Развязали первый воз.
-- Что в плетешке там?-- воззрился старик.
-- Грибки, святой отец: рыжики да белые,-- смиренно отвечал морщенный монашек.
Никон, опираясь на клюку и кряхтя, встал, подошел к возу и стал клюкою ковырять связки сушеных грибов.
-- Ишь, грибешки каки! Все скаредные! -- ворчал он и, вздев на клюку одну связку, тыкал ее в нос то иноку Исайе, то Шайсупову.
-- Ишь, скареды, с мухомором все!
-- Помилуй, святой отец! Грибки, как есть, знатные,-- защищался Исайя.
-- Велика их знатность! На, нюхай, князь,-- тыкал старик грибами в нос Шайсупову. -- Гниль одна...
-- Ничево, запашок, как следует, хорош запах,-- одобрял грибы пристав, лукаво улыбаясь.

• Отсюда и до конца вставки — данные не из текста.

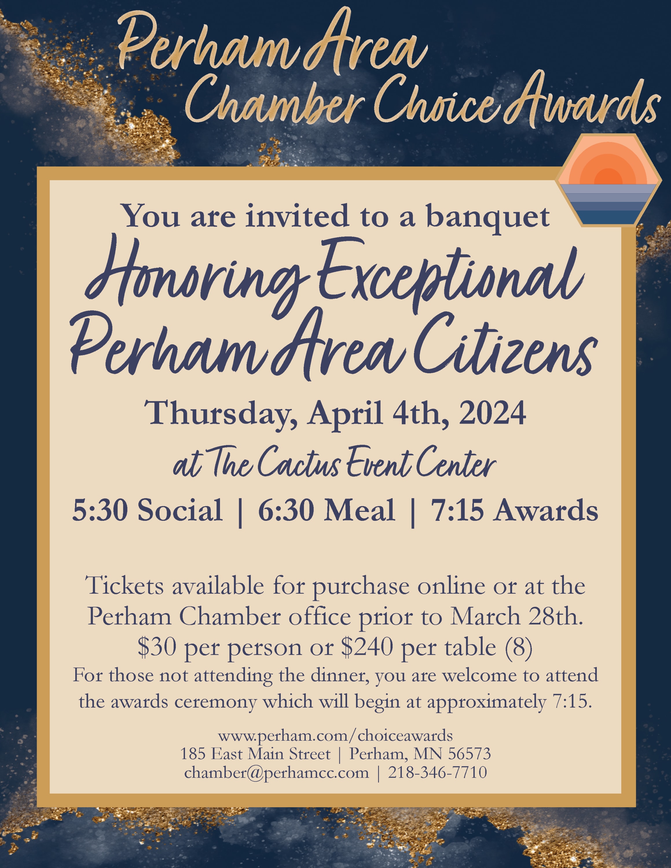 5:30 Social 6:30 Dinner 7:15 Awards

-- То-то запашок! Смердятина одна! -- брюзжал старик. -- И свиньи жрать не станут...
Грибы осмотрены наконец и охаяны на чем свет стоит. Дошла очередь до других запасов.
-- А тут что? -- тыкала клюка в полог.
-- Тутотка рыбка сушена да вялена, тешечка межукосна, вязижка в пучечках,-- пояснял Исайя.
Развертывается полог, показывается рыба.
-- Ишь, сушь какая! -- накинулся старик и на рыбу. -- Голова да хвост только, а рыбы нету...
-- Помилуй, святой отец, как голова да хвост! -- всплеснул руками Исайя.
-- А это что! Видишь?
И клюка действительно тыкала только в головы да в хвосты.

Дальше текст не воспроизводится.